### Problem to solve
Of the entries below, return exactly those lines that fall between the one containing "Een hoed van" and the one containing "Printed Kimono, Ruffle", the two end lines included.

### Data supplied
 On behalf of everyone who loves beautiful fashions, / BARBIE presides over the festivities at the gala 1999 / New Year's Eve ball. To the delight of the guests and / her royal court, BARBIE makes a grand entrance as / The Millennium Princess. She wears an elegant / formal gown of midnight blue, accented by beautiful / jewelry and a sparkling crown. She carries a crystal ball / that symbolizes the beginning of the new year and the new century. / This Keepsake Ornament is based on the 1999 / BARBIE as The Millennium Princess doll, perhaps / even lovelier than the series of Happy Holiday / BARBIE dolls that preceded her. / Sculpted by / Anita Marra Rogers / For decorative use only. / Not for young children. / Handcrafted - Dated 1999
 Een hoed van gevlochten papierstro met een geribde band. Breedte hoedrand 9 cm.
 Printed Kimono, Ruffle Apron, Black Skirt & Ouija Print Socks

* * *

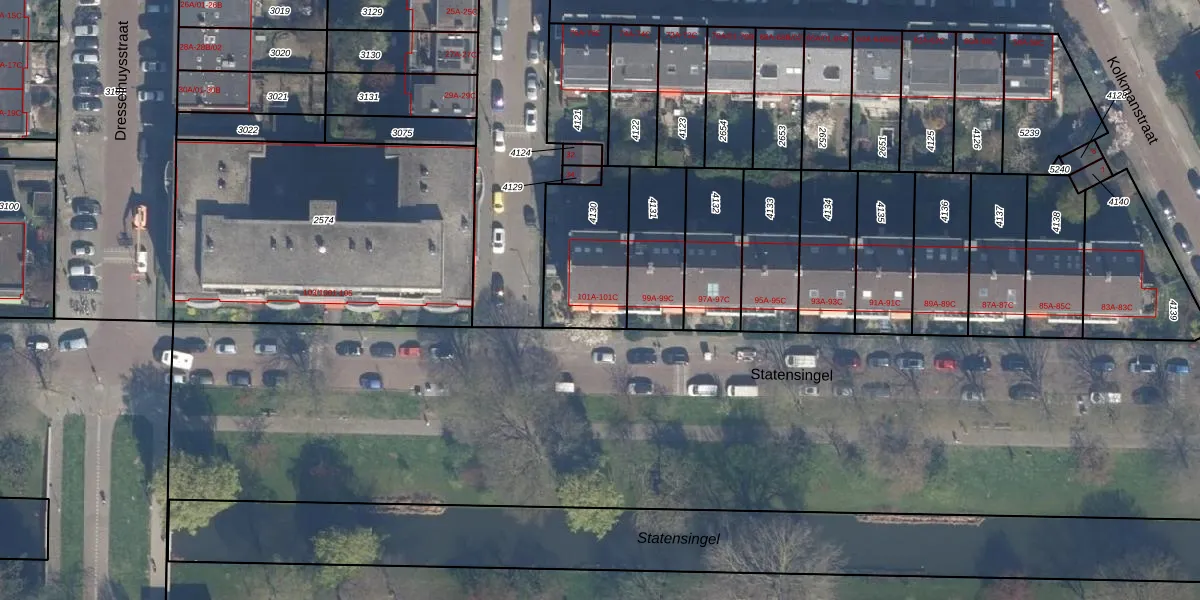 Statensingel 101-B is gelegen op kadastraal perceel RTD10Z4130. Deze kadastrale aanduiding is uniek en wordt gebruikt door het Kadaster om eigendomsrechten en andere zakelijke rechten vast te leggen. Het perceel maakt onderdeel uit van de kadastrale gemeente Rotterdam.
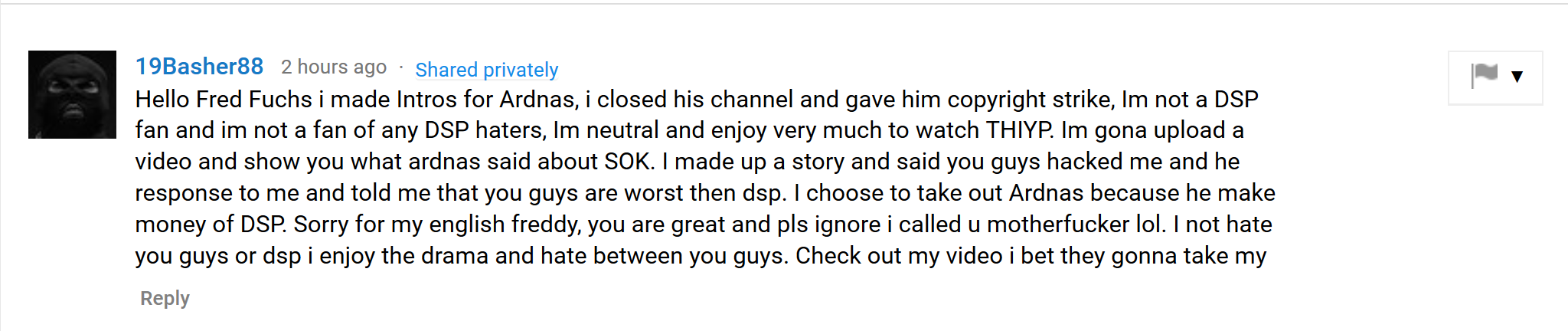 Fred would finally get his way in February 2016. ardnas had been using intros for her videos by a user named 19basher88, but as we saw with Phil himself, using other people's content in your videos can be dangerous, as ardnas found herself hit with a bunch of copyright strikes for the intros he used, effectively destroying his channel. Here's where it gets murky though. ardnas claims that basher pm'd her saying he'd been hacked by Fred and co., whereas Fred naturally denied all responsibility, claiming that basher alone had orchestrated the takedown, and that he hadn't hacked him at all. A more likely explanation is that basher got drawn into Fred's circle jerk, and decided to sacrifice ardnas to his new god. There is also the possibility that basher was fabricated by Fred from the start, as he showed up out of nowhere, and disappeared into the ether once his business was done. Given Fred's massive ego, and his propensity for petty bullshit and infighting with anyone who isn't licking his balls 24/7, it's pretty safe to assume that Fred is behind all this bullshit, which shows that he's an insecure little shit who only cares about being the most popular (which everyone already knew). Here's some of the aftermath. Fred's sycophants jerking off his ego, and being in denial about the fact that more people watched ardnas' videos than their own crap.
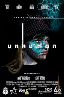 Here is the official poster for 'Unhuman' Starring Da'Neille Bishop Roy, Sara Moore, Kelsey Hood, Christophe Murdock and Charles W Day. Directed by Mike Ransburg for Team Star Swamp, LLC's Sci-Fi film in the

...

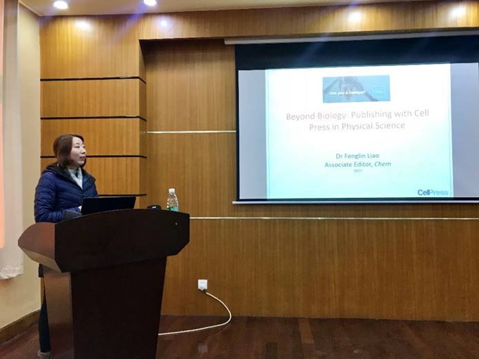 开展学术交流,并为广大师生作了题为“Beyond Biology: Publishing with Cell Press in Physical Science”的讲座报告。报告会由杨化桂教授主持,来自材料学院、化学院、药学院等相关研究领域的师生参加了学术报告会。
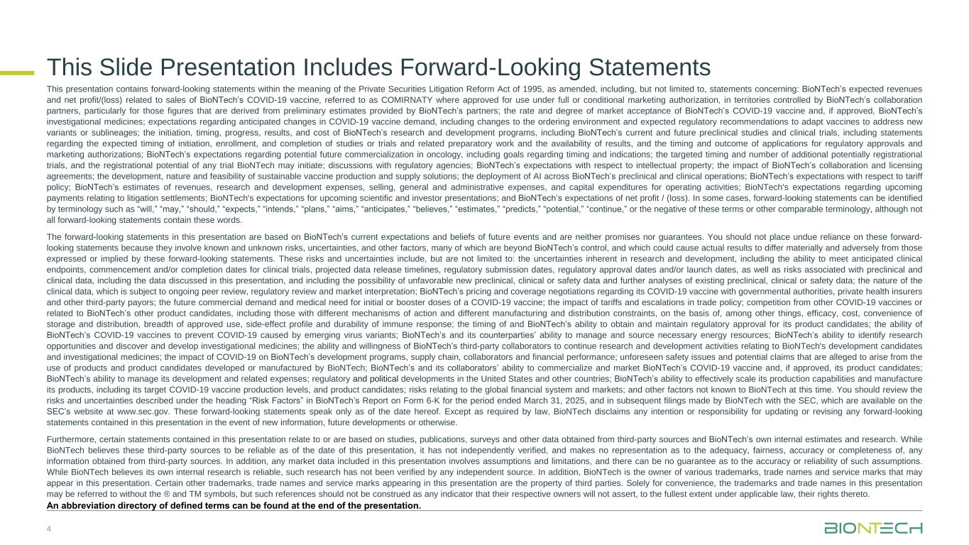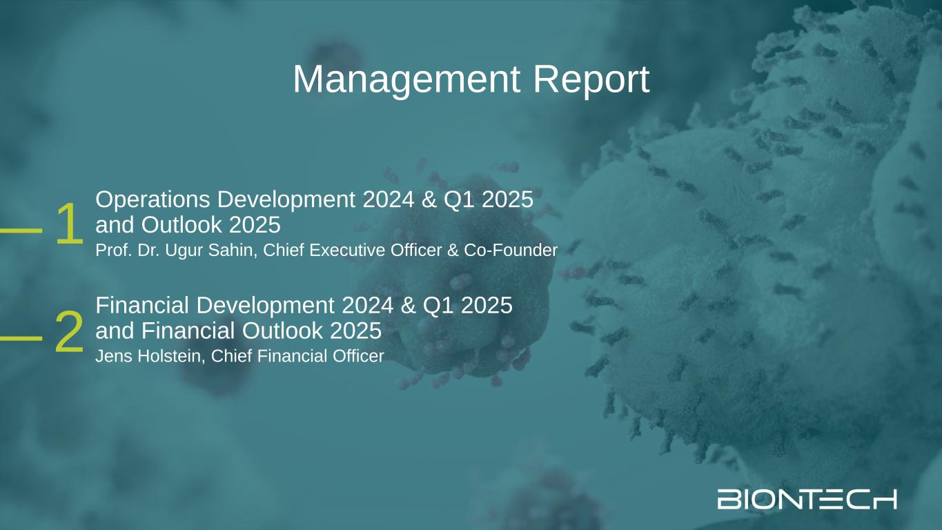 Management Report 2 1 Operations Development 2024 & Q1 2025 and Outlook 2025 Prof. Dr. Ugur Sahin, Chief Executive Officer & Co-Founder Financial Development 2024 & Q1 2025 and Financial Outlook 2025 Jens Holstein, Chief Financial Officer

### Result for this task
 Een hoed van gevlochten papierstro met een geribde band. Breedte hoedrand 9 cm.
 Printed Kimono, Ruffle Apron, Black Skirt & Ouija Print Socks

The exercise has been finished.